Man argumentiert, die
Entdeckung Amerikas habe eine Kultur zerstört. Ein Wort zum Respekt vor
der Kultur anderer. Warum glauben Sie hat eine Handvoll Spanier ein ganzes
Imperium zerstören können? Weil ein paar gut organisierte Inkas ganze
Völker unterdrückten. Da kamen welche, die gegen die Inkas anzugehen
wagten und schon hatten die Spanier alle Stämme der Küste an ihrer Seite.
Das war eine Kultur der Unterdrückung. Die menschliche Kultur ist eben
immer infiziert, muss immer erlöst werden. Aber nein; man macht aus der
Kultur eine heilige Kuh, wie weiland die Marxisten, wenn sie vom "Volk"
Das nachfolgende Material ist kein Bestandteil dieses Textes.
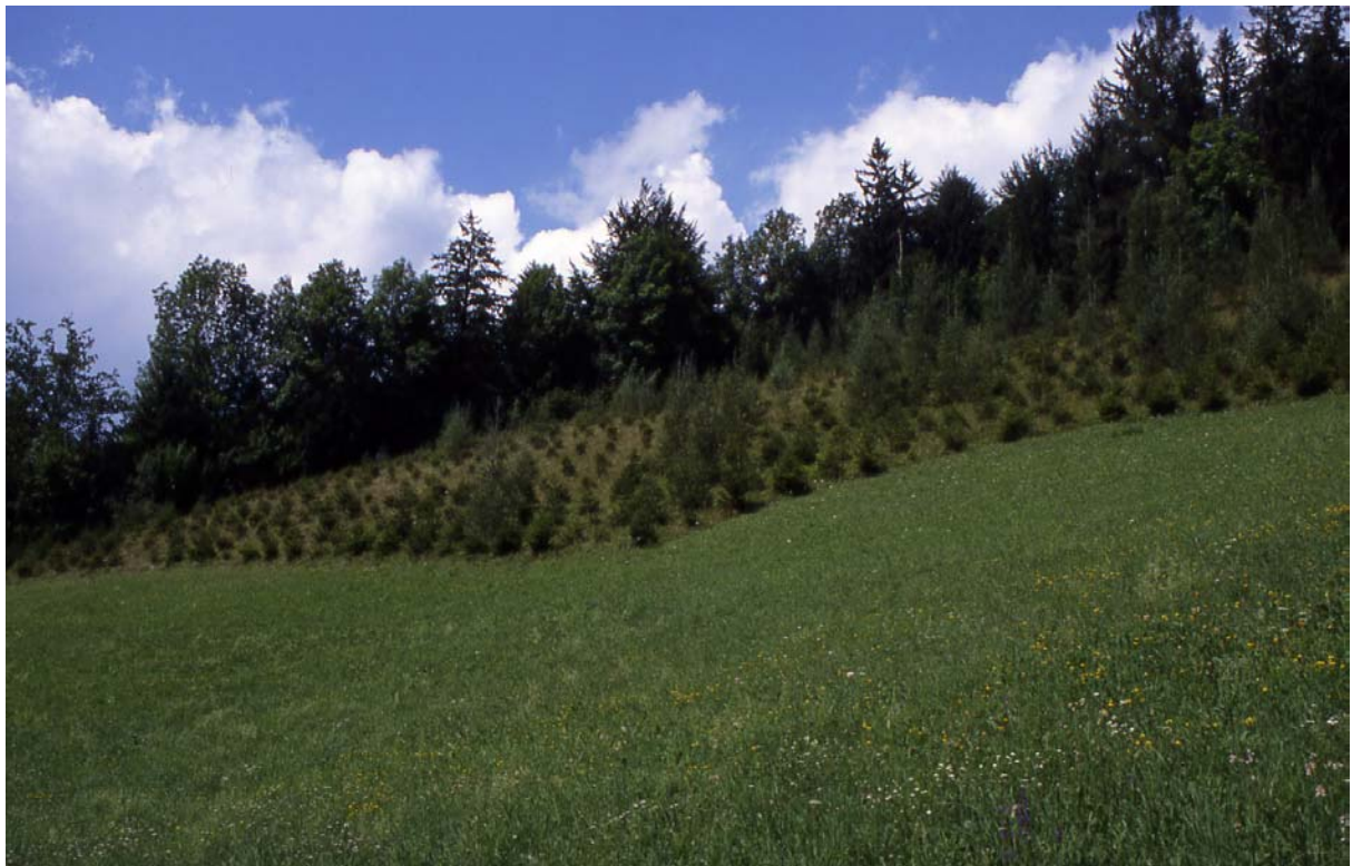
Foto 20: Pichl – Vordergrund mesophile Wiese, im Hintergrund aufgeforstete Magerwiese (typische Entwicklung)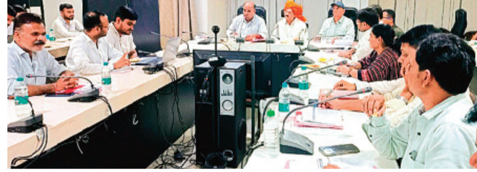
हरिभूमि न्यूज ▶▶ राजगढ़

मुख्यमंत्री हेल्प लाईन के शिकायतों के निराकरण में कई तरह की लापरवाहियों के मामले सामने आ रहे हैं। कुछ विभागों में इन शिकायतों को बंद करने शिकायतकर्ताओं पर दबाव बनाया जा रहा है बल्कि कुछ शिकायतें बगैर निराकृत किए ही बंद की जा रही हैं। इसके साथ ही अनेकों शिकायतें महीनों से लंबित होने के बाद भी विभाग प्रमुखों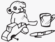
እተበላሸወ አቕሓ (ብዙሕ ዘይኮነ)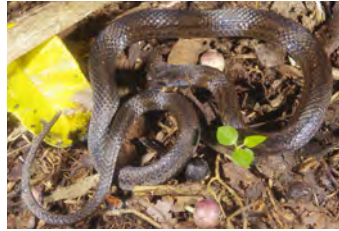
Amastridium veliferum Culebra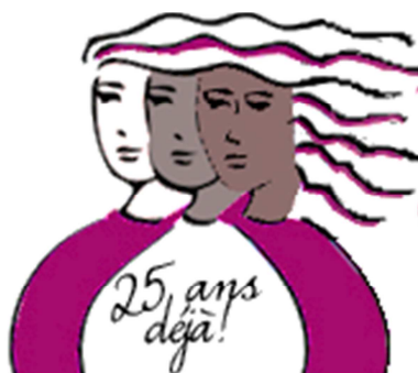
Table de concertation de Laval en condition féminine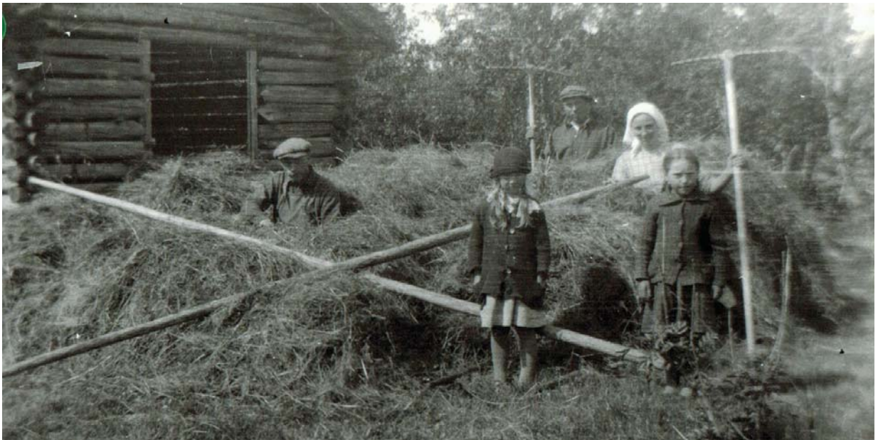
Slätter och betesdrift i skärgården är ett minne blott, men ännu finns några lador och fäbodrar kvar.

Kustremsan är lång och skärgårdsöarna många. Grytskär på 7 km 2 är den största och samtidigt också den största ön i Närpes. Därtill finns 33 öar som överstiger en hektar. Halvön Börskär, Hästskär och Grytskär gömmer ännu på spår av fäboddrift i form av bl.a. några fäbodrar. De forna slätter- och betesmarkerna med sin speciella flora börjar tyvärr vara ett minne blott. En blomma som på Åland kallas Närpesblomman skall växa på Grytskär, men växtarten är höljid i dunkel. Många skär har ett rikt fågelliv liksom Norkfladan. På fiskfredade områden har jaktförbud rått sedan 1936. Grytskärs västra strand står med djävulsåkrar och mäktiga klippor som möter havet med Sverige som granne i väster. Namn som Södran hamnen, Nörr hamnen och Fattigbössan hänför sig till sjöfarten i gången tid liksom kanske jungfrudanser och kompassros. Ryssugnar och begravningsplats vittnar om krig och ofärdstider på samma sätt som minnesmärket över omkomna på Riipelalinjon och hållristningar från Krimkriget på Märigrund – det gamla fiskeläget i yttersta havsbandet med sin karga och specifika natur. Här finns förutom fiskarstugorna också en fyr och ett litet fiskemuseum.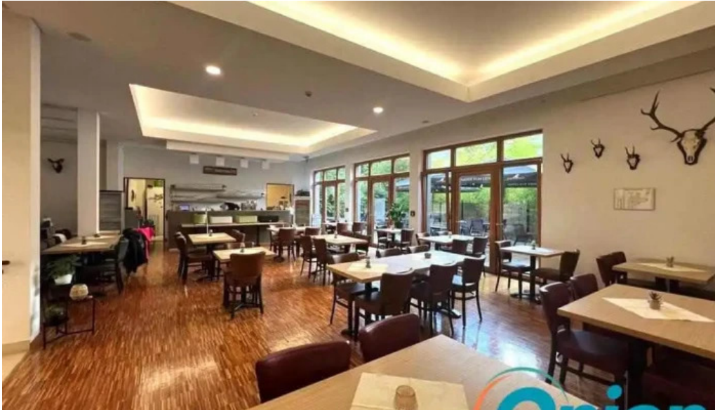
Beim troterbatti stonnenplange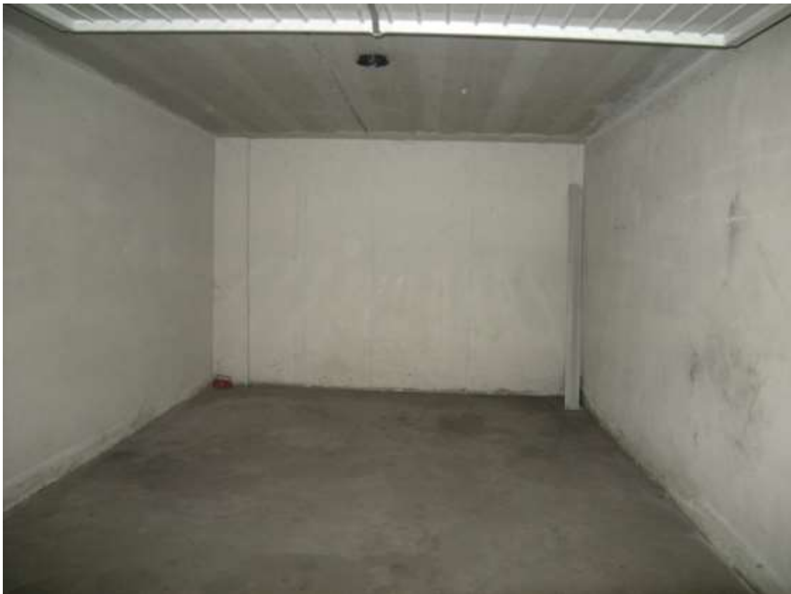
Sacile, viale della Repubblica n°9 – Il garage.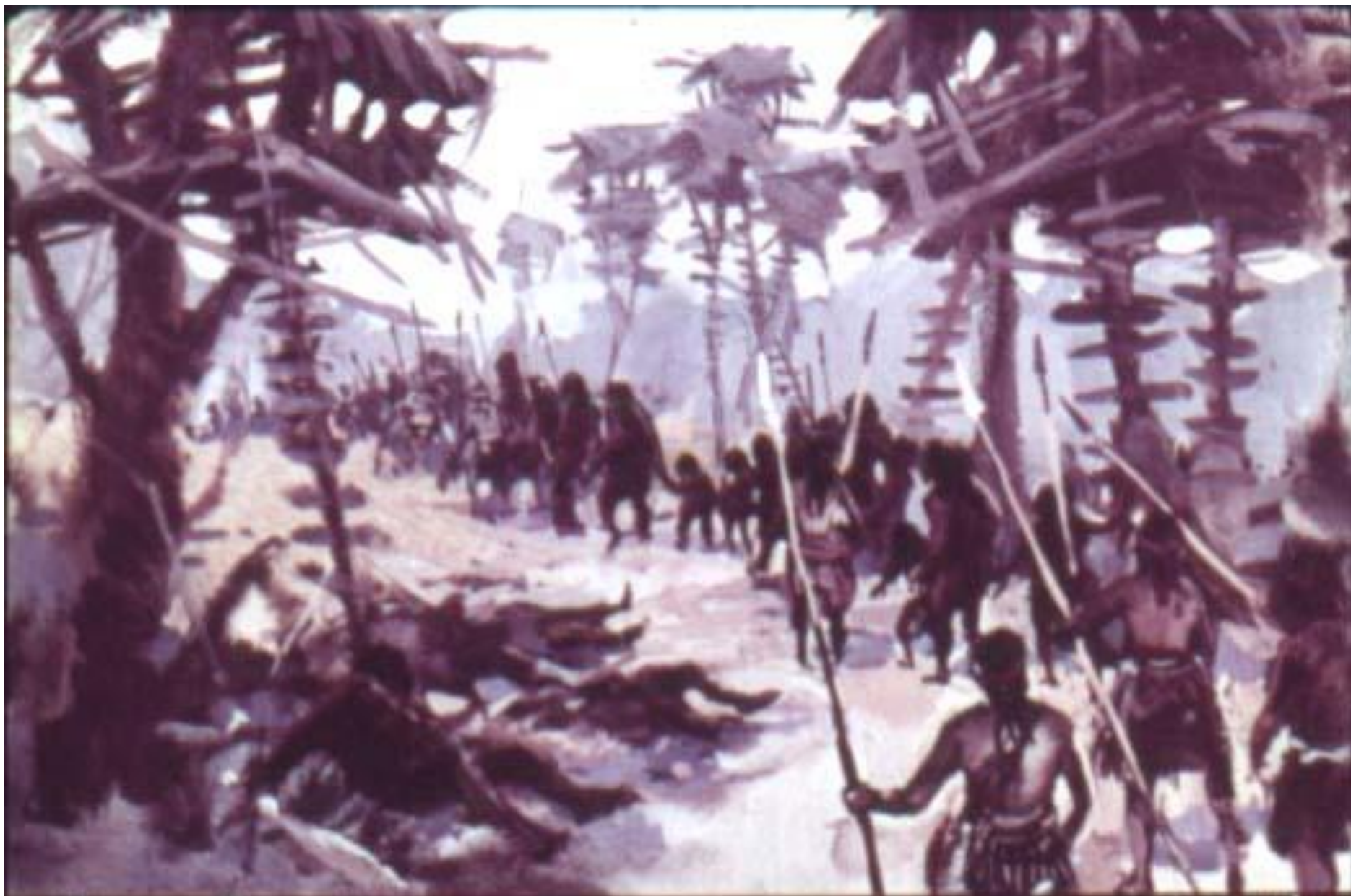
Город Дода (дода – так называли туземцы человекообезьян) был разрушен. Самки и детёныши взяты в плен.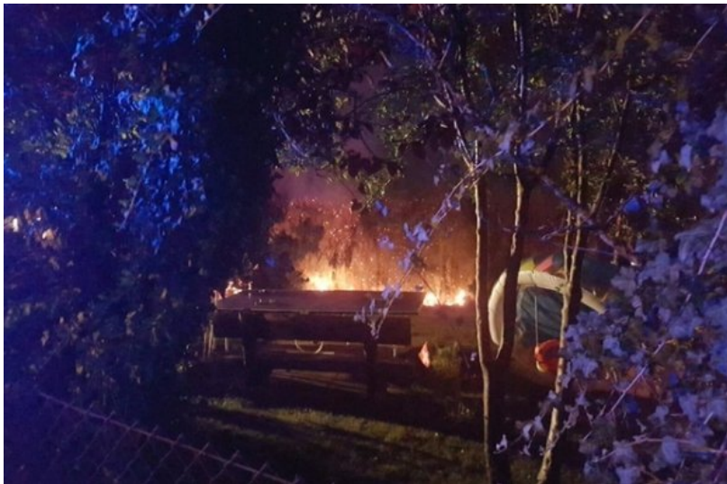
La haie qui a pris feu.

Une haie a pris feu près d'une maison, dans un quartier résidentiel de Posieux. Un engin pyrotechnique allumé dans le jardin est à l'origine de l'incendie.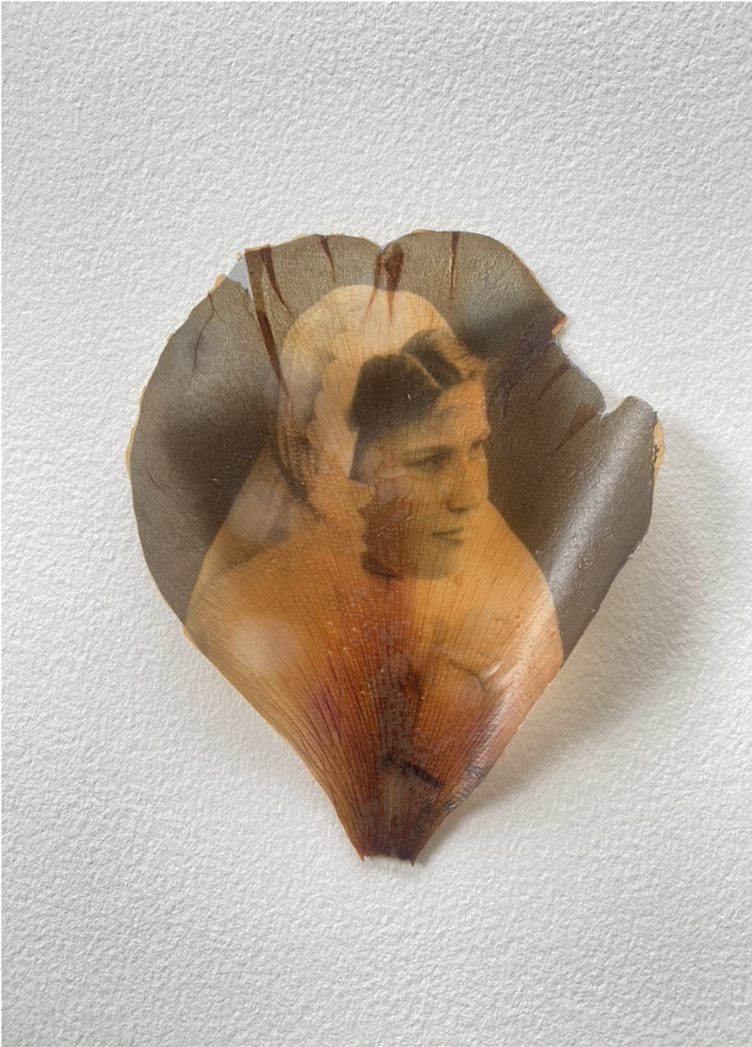
Constance Boulay, Les radieuses , 2023, phototransfert sur pétale, 6 x 4 cm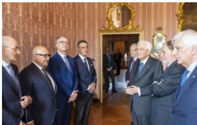
Saluti istituzionali prima della Cerimonia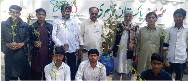
گورنمنٹ ہائی اسکول پل بگار، عبدالکیم، خانپوال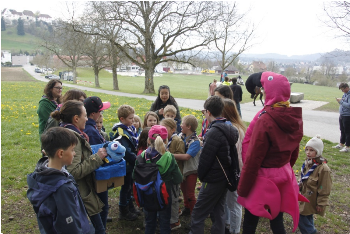
Aktivität mit der Wolfsstufe Lenzburg

ihren Freund Nemo wiederzufinden. Auf unserer Suche nach dem Teich trafen wir bei verschiedenen Aktivitäten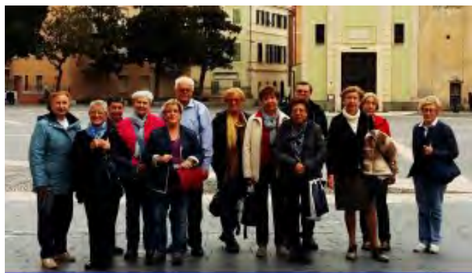
Il nostro gruppo (quasi al completo) a Loano il 26 ottobre 2016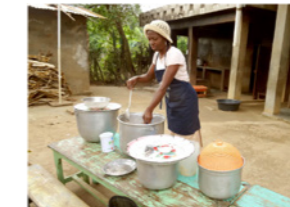
11. Préparation du repas dans l'arrière-cuisine d'une école (Haïti)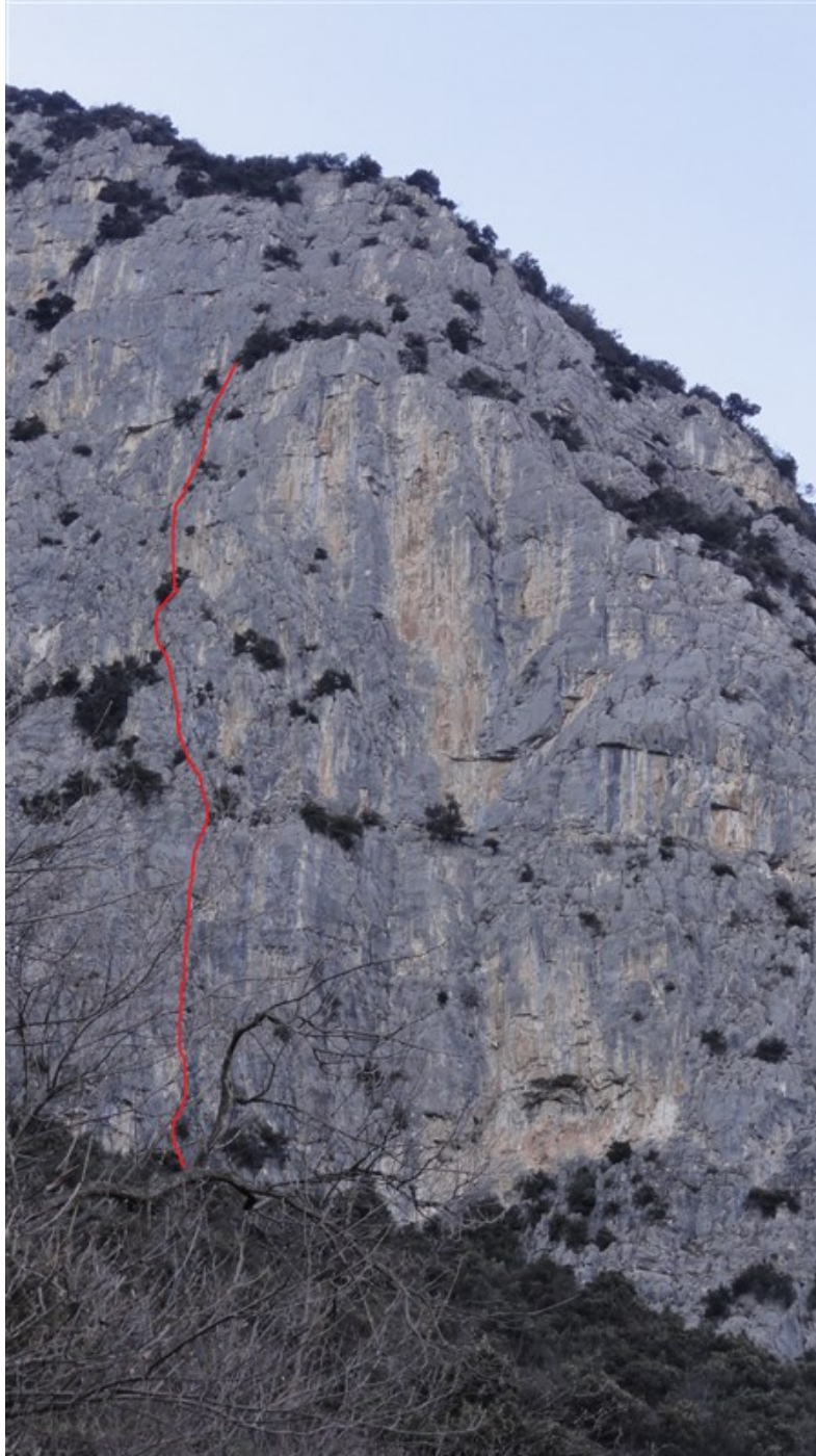
Tracciato indicativo della via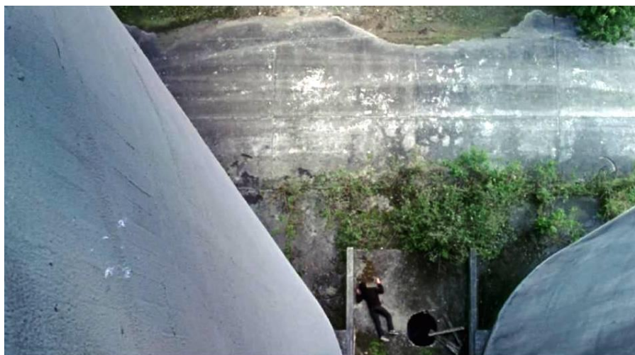
Figura 2: Frame do filme Depois da chuva

Tales precipitou a morte e, com a gravidade de sua queda, construiu um lugar, uma densidade, uma heterotopia com peso suficiente para fazer corpo, contorno no chão, morte para fazer passar uma vida utópica. Há nessa cena uma duração, um posicionamento de câmera e uma composição entre corpos, quadros e planos não convencionais às imagens apresentadas na maior parte do filme. É uma espécie de composição intensiva que abre as sensibilidades a outras imagens, novas individuações em que o filme lança devires e blocos de percepções em vórtices, nos limiares e nas rupturas, perceptos liberados entre afectos 10 inesperados diante das significações tecidas na narrativa convencional, produzindo quebras nos encadeamentos esperados conforme o decorrer da montagem proposta até então. Trata-se de uma abertura aos afectos implicados na condição do personagem, das espacialidades e das temporalidades, colocando as relações entre signos e forças em novas distribuições de potências no próprio filme ao construir uma heterotopia das imagens.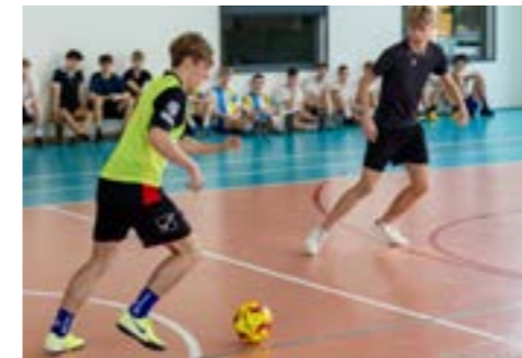
Zawody w piłkę nożną (luty 2025)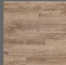
Durable - 009 Oak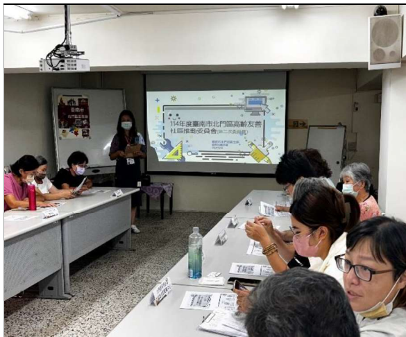
圖1. 北門區高齡友善會議照片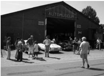
Het automuseum in Schagen

ken door het Noord-Hollandse landschap. Onderweg werd het plaatsje Schagen aangedaan waar een klein automuseum, speciaal voor deze gelegenheid, geopend was. De meesten van ons kenden dit museum nog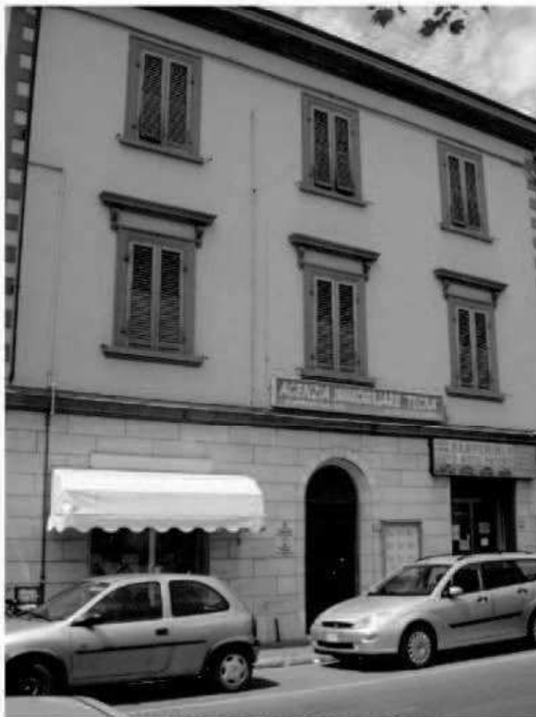
V 4 (piazza della Repubblica) via Roma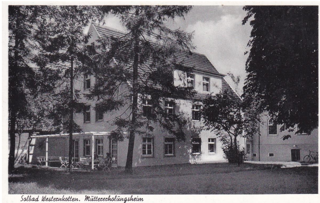
Solbad Westerkotten. Müttererholungsheim

sprachen. Man meinte, das Volk sein einig, heilig, brüderlich und oberste
Kategorie. Und die heutige Kultur? Sie hat der Atombombe, dem Krieg vom
persischen Golf und dem Ausländerhass das Leben geschenkt. Nein,
konzentrieren wir uns lieber auf die Torturen und die Ausbeutung vor 500
Jahren. Ich weiss, Sarkasmus ist kein gutes Argument. Aber hört man den
auf andere Argumente?
Ich meine, wenn man die
Geschichte angeht und be(ver)urteilt, dann soll man es tun aus dem
Bewusstsein eigener Schuld. Wer dazu noch sich eins weiss mit der gesamten
Menschheit und ihrer Geschichte, genau wie der Mensch der Bibel, der mag
auch um Vergebung nachsuchen der Sünden der Vergangenheit. Und woran das
fünfte Jahrhundertgedächtniss uns erinnern sollte und worauf das Plakat
keinen Hinweis anzeigt: es gibt eine Vergebung, ein Schuldnachlass, d.h.
die Frohbotschaft von damals erlöst auch den Menschen von heute. Jemand
hat all diese Schuld auf sich geladen und seitdem hat das Gericht nur
darüber zu befinden ob jemand den Losspruch annimmt oder nicht. Es geht
also nicht um wunderbare Konstruktionen sondern darum bei aller
Ausgewogenheit das Wichtigste zu zeigen oder wenigstens anzudeuten.
Haben Sie die
Eröffnungszeremonie der Olympiade gesehen? Ein grandioses Schauspiel. Was
war denn die Botschaft? Ein mythisches Spektakel. Hinter den Galeeren
konnte man, wenn man sich anstrengte, einen indirekten Schlenker in
Richtung von der Entdeckung Amerikas sehen. Haben Sie irgend eine
Andeutung gesehen, dass das Evangelium mitgetragen wurde? Nun, die
spanische Regierung ist sozialliberal, mann sollte vom Pferd keine
Kuhmilch verlangen. Sie sind aber nicht sozialliberal, nicht wahr?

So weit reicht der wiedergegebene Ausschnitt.